Fred Milner, who served with the Signal Corps, was captured by German troops near Tobruk on 21 June 1942, when he was 23. His war experience had been exhausting: «my particular misfortune was being part of Signals because that meant being attached to different units which got relieved from battle areas – but I was always promptly reassigned to units in action». When he was captured, therefore, he accepted his new situation almost with relief.  

The PoWs were brought to an airport by the Germans, but the Allies soon bombed it. At this point, they were forced to march for 33 km until they reached the outskirts of Tobruk.

Just then, who should drive past us, going in the opposite direction, but General Rommel. He stood up in his staff car and saluted us. We had great respect for the Afrika Korps — as they had for us. Each side, in retreats, always made sure to leave water for the other’s wounded.

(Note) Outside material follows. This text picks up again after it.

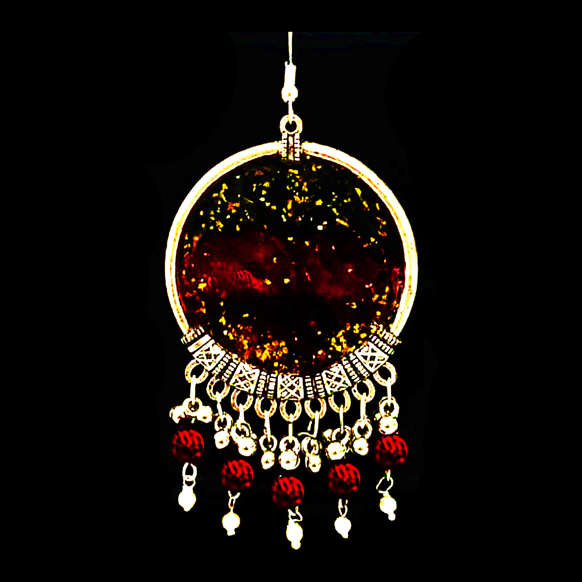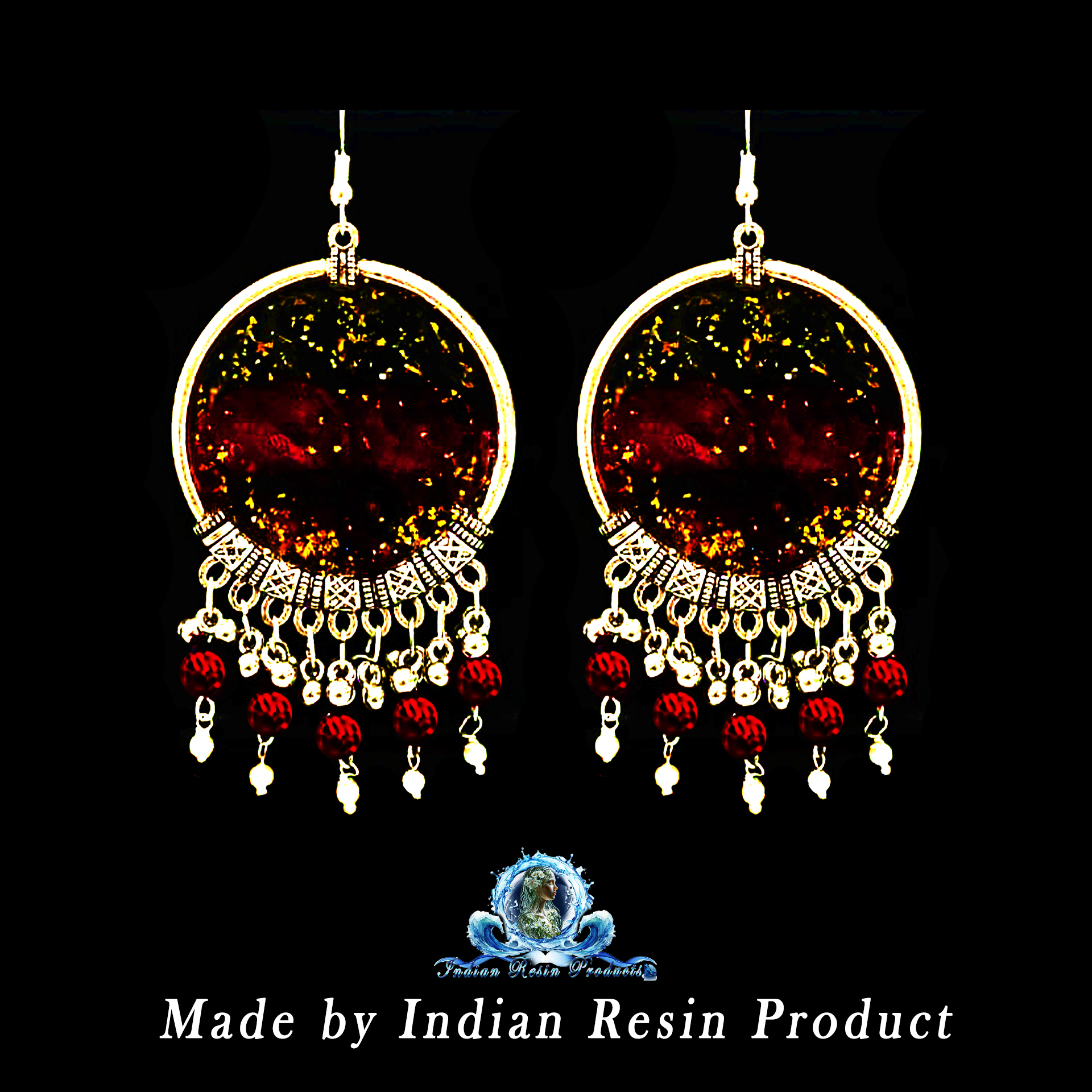 These beautiful handmade red and golden resin earrings are a perfect blend of elegance and artistry. Crafted carefully by Indian Resin Product, each earring is designed with a rich round resin base filled with golden flakes that shine beautifully when they catch the light. The delicate metallic details hanging below the resin piece add a charming traditional touch, making them ideal for both ethnic and modern outfits. These earrings are not just accessories but expressions of creativity and passion that reflect the craftsmanship of Indian artisans.

In Tobruk, Fred was entrusted to the Italians and spent the following two months in an overcrowded camp infested with bugs. The PoWs suffered because of the heat, and many fell ill with dysentery. Eventually, Fred and many others were loaded on a ship and brought to Taranto, then to Brindisi in cattle cars. His first permanent accommodation in Italy was PG 75 Torre Tresca (BA),[1] where the prisoners, exhausted, malnourished, scorched by the sun, and infested by parasites, were placed in tents.

Our plight grew worse as our meagre daily rations — 200 grams (6 ounces) of bread and one pint (0.5 litre) of watered macaroni we called ‘skilly’ — took a toll on our health and morale. The Italians themselves were starving, so any food parcels destined for us, even if they escaped allied bombing, were pilfered.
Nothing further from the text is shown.